Herman mengungkapkan mobil berwarna hijau yang ada di foto-foto yang beredar itu bukanlah miliknya. Dia hanya menyewanya untuk antar jemput ke lokasi mengemis.
Sebelum menggunakan mobil sewaan, Herman berangkat ke lokasi mengemis yang jaraknya sekitar 35 km dengan menumpang angkot, tapi karena sakit encok di kaki, Herman sering terjatuh. Herman kemudian memutuskan untuk menyewa mobil. Sehari dia mengeluarkan uang Rp 80 ribu untuk sewa mobil. Uang itu dia sisihkan dari penghasilan mengemis yang mencapai Rp 150 ribu per hari.
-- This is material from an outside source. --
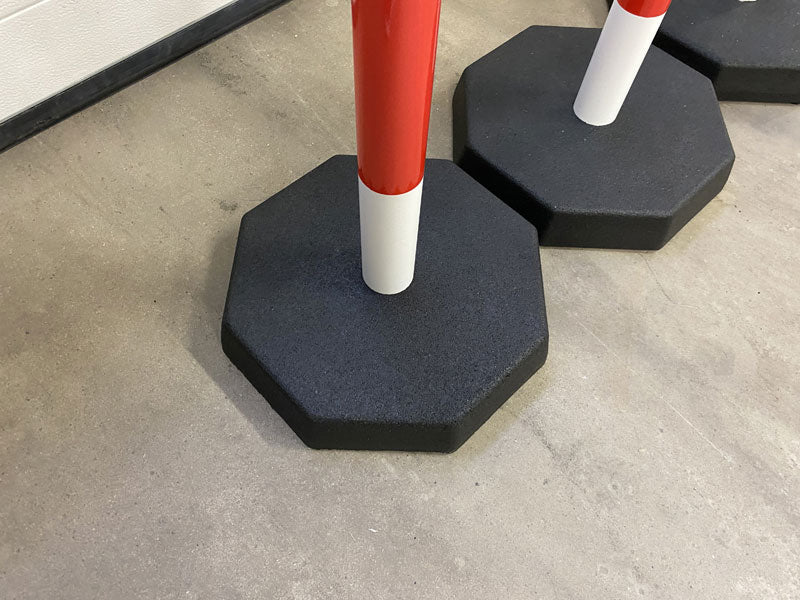 Poids du poteau : 9 kg (base 8 kilo) Hauteur : 900 mm Matériau : Plastique (Poteau : PVC, Base : PP) Base : Ø 390mm Chaîne PVC/Plastique Longueur : 25m

Dia kebetulan kenal dengan seorang sopir rental mobil bernama Maman. Dari penuturan Herman, Maman yang tak tega melihatnya lalu menawarkan bantuan. Hal tersebut diamini oleh pemilik rental mobil, Nani. Menurutnya mobil tersebut memang disewa Herman.
ADVERTISEMENT
“Si Abah (sebutan Herman) gimana Pak Jajat (suami) kalau saya pinjam dibayar Rp 80 ribu sehari? Enggak sehari sih, sampai jam 14.00 siang,” kata Nani saat ditemui kumparan di rumahnya di Situ Udik, Kabupaten Bogor.
Nani dan suaminya tak masalah dengan permintaan tersebut selama mobil itu tidak disewa orang lain. “Mobil itu juga kreditan. Daripada nongkrong, sopir lain lagi. Ke kitanya 80 ribu,” Nani menyebutkan.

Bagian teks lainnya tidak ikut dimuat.